• _WHAT THE EXERCISE ASKS_
Keep the images out and set the listing below down word for word.

DATASET RECORDS START

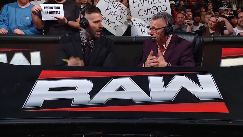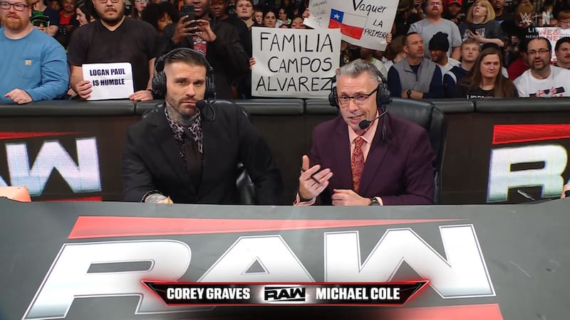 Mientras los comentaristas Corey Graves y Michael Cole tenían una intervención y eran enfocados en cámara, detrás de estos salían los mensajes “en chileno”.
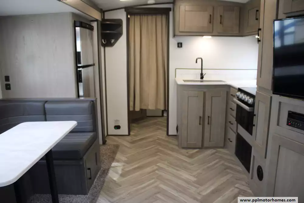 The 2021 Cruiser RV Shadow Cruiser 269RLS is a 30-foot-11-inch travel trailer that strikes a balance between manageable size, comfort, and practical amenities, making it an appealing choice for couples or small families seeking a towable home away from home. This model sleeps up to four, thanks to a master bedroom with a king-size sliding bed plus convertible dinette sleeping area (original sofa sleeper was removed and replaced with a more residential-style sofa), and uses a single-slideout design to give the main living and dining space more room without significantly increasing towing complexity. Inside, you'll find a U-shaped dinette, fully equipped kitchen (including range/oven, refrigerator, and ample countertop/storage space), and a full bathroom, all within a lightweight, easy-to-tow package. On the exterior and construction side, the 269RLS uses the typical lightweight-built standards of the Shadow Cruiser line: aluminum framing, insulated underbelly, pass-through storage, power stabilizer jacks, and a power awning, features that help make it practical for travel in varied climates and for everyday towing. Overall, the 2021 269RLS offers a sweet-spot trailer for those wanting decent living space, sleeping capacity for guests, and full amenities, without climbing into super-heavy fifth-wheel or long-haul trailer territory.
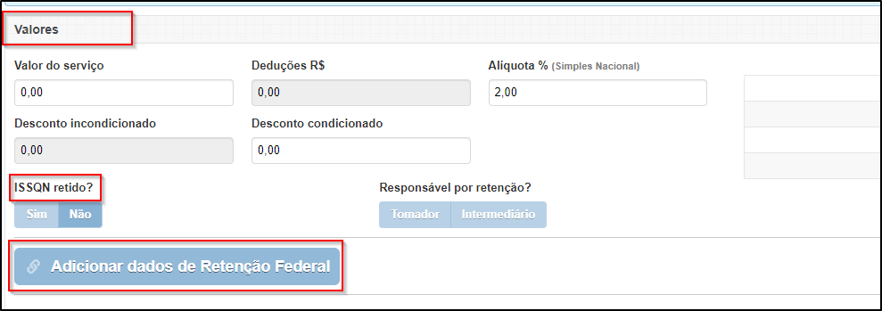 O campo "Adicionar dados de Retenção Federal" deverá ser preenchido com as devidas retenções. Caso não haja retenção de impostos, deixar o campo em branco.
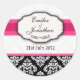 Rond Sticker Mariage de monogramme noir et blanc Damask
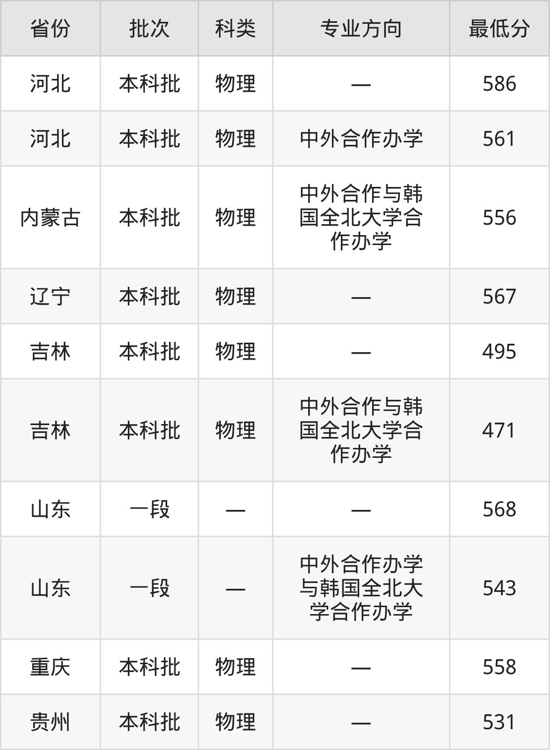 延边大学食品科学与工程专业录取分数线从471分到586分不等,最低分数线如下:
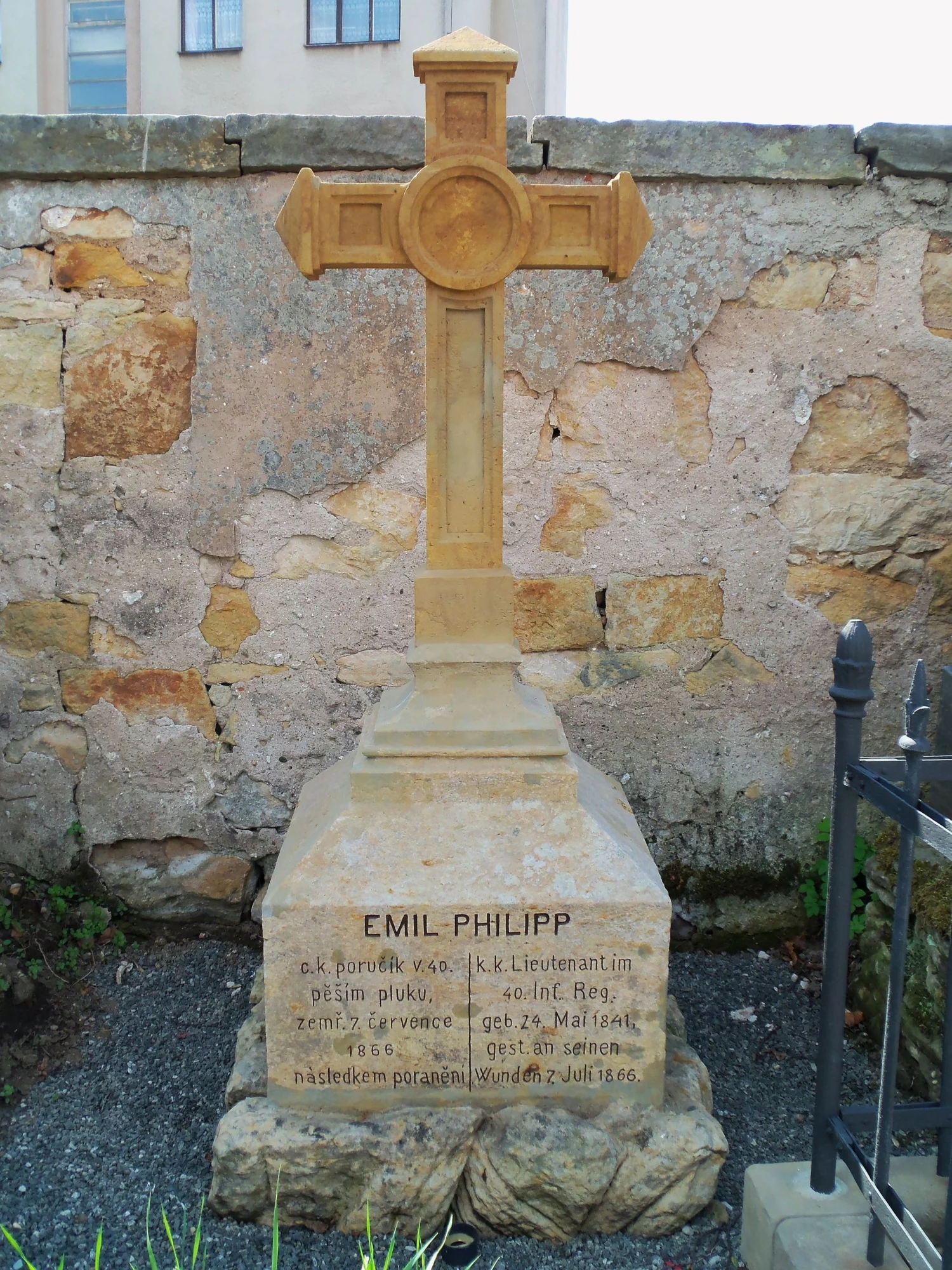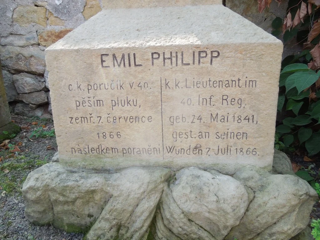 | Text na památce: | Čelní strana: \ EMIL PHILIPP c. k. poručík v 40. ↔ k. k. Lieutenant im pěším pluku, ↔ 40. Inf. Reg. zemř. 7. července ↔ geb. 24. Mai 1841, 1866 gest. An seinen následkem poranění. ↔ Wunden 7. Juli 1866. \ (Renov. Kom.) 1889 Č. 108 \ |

DATASET RECORDS END

• _SOLUTION_
 Mientras los comentaristas Corey Graves y Michael Cole tenían una intervención y eran enfocados en cámara, detrás de estos salían los mensajes “en chileno”.
 The 2021 Cruiser RV Shadow Cruiser 269RLS is a 30-foot-11-inch travel trailer that strikes a balance between manageable size, comfort, and practical amenities, making it an appealing choice for couples or small families seeking a towable home away from home. This model sleeps up to four, thanks to a master bedroom with a king-size sliding bed plus convertible dinette sleeping area (original sofa sleeper was removed and replaced with a more residential-style sofa), and uses a single-slideout design to give the main living and dining space more room without significantly increasing towing complexity. Inside, you'll find a U-shaped dinette, fully equipped kitchen (including range/oven, refrigerator, and ample countertop/storage space), and a full bathroom, all within a lightweight, easy-to-tow package. On the exterior and construction side, the 269RLS uses the typical lightweight-built standards of the Shadow Cruiser line: aluminum framing, insulated underbelly, pass-through storage, power stabilizer jacks, and a power awning, features that help make it practical for travel in varied climates and for everyday towing. Overall, the 2021 269RLS offers a sweet-spot trailer for those wanting decent living space, sleeping capacity for guests, and full amenities, without climbing into super-heavy fifth-wheel or long-haul trailer territory.
 O campo "Adicionar dados de Retenção Federal" deverá ser preenchido com as devidas retenções. Caso não haja retenção de impostos, deixar o campo em branco.
 Rond Sticker Mariage de monogramme noir et blanc Damask
 延边大学食品科学与工程专业录取分数线从471分到586分不等,最低分数线如下:
 | Text na památce: | Čelní strana: \ EMIL PHILIPP c. k. poručík v 40. ↔ k. k. Lieutenant im pěším pluku, ↔ 40. Inf. Reg. zemř. 7. července ↔ geb. 24. Mai 1841, 1866 gest. An seinen následkem poranění. ↔ Wunden 7. Juli 1866. \ (Renov. Kom.) 1889 Č. 108 \ |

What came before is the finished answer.